I am considering putting decking over a slabbed area.Has anyone any ideas of an alternative to wood

I am thinking about something in U P V C.

Edit Should have said composit. I think


----------



## Levo-Lon (8 Nov 2019)

You can get composite boards, cost a little more but no painting or slippy surfaces.

You can get a few colours as well i believe, 
Shop around for a deal


----------



## pawl (8 Nov 2019)

meta lon said:


> You can get composite boards, cost a little more but no painting or slippy surfaces.
> 
> You can get a few colours as well i believe,
> Shop around for a deal




Thanks for that.


----------



## twentysix by twentyfive (8 Nov 2019)

Will it be a Poop Deck?


----------



## Heltor Chasca (8 Nov 2019)

As per @meta lon ’s brief.


----------



## slowmotion (8 Nov 2019)

I looked into composite decking for my daughter's flat. I cost about £50 per square metre, plus the battens to mount it to, plus fixings, plus labour. We chose something with a 20 year guarantee.


----------



## Levo-Lon (9 Nov 2019)

slowmotion said:


> I looked into composite decking for my daughter's flat. I cost about £50 per square metre, plus the battens to mount it to, plus fixings, plus labour. We chose something with a 20 year guarantee.

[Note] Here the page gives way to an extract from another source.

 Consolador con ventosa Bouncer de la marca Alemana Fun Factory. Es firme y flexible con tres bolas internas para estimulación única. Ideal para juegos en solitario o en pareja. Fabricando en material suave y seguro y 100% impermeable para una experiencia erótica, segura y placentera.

I used to charge about that 5 yr ago to build a wood deck.
If it needed balustrade it would go over £70m2
Staggering how much wood costs when buying all the framework and planks.
The screws mount up too.

Last deck i built had 800 screws!! Only about a 5x4 m2 area with a very sturdy 150x50 frame, I love my drill driver


----------



## Levo-Lon (9 Nov 2019)

One thing to note @pawl
If you go the wooden route, be aware of spacing when setting the planking.

They will need gapping depending on whether they are dry or wet.
Wet boards will shrink and dry will grow.

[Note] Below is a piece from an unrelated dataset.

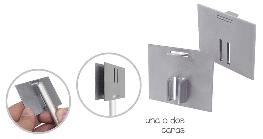 Mini placa para tubo telescópico de Ø10 mm que está fabricada en material plástico ABS gris, para usar con una gráfica publicitaria, cartel, portaprecio, etc. Para colocar la Mini Tableta a la mitad del poste, rompa la solapa superior. Gracias a su diseño acoplable, es ideal para utilizar dos paneles juntos y crear una pantalla de doble cara para su gráfica publicitaria. Sistemas para ambientar y animar los lineales y estanterías.

So regardless of wet or dry you Must gap them, 3-4mm wet. 6-8 dry as a guide.

If you butt up they will warp like hell no matter how many screws you use.

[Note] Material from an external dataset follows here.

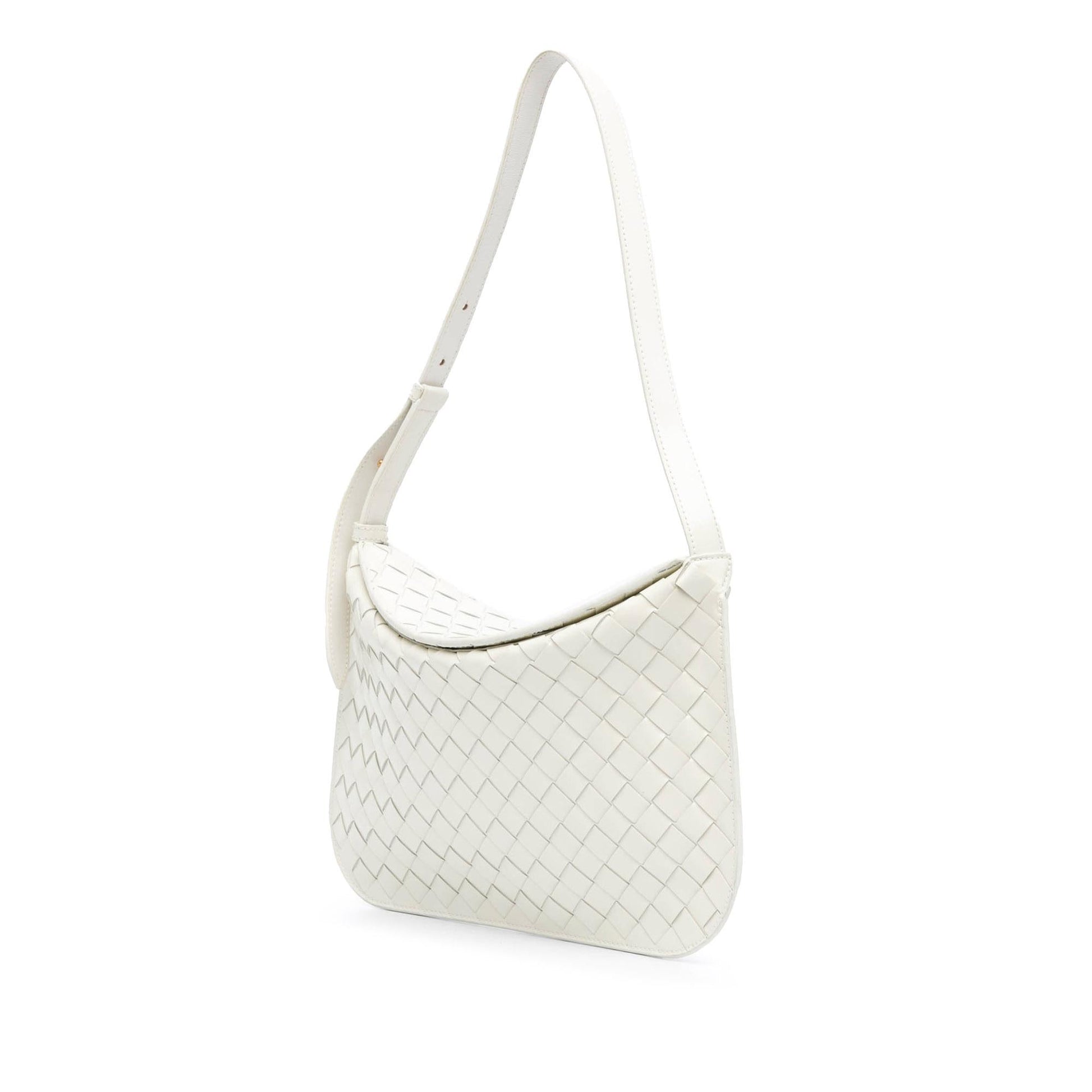 Bottega Veneta Brushed Calfskin Intrecciato Cradle Fold Over Shoulder Bag

Also get the forge fast type drive screws for a more enjoyable time when building.
Screws can be a pain if you hit tough knots and round out the head.. Pita to be honest

Something like these. 
https://www.toolstation.com/forgefa...v4tCHKF9AmCCjOqY_qBVdKthJiGWF4ORoCBzMQAvD_BwE


----------



## pawl (9 Nov 2019)

Thanks everyone for your replies.Think I may just leave it slabbed as it is a shaded area and Gould be prone to algae growth


----------



## fossyant (9 Nov 2019)

Composite is expensive. We went with wood, and got Premium Deck Boards via Wicks on 2 for 1 offers as that saves a considerable amount of money. 

We have 3 decking areas TBH, and even though wood, it's not a big effort to jet wash it down occasionally, then re-oil.


----------



## ColinJ (9 Nov 2019)

Even after reading that @Accy cyclist had broken a hip slipping on decking, I was caught out by slippery decking on a holiday in Devon. The chalet we were staying at had a large decked patio, with a sloped access ramp. The main area had non-slip treatment but the ramp had been neglected. The first time I tried walking down it with my bike my feet shot from under me. The only thing that stopped me ending up in a twisted heap of man and bike was that I managed to break my fall by grabbing the handrail as I went down.

I'd recommend anyone who is thinking of building a decked area to address the friction issue from the start!


----------



## flake99please (9 Nov 2019)

I built my decking last July using composite boards. These are the solid board types which can be screwed directly into a wooden frame. Size was 7 x 3.8 metres with a small step beside the back door. Decking cost was £800 in materials.


----------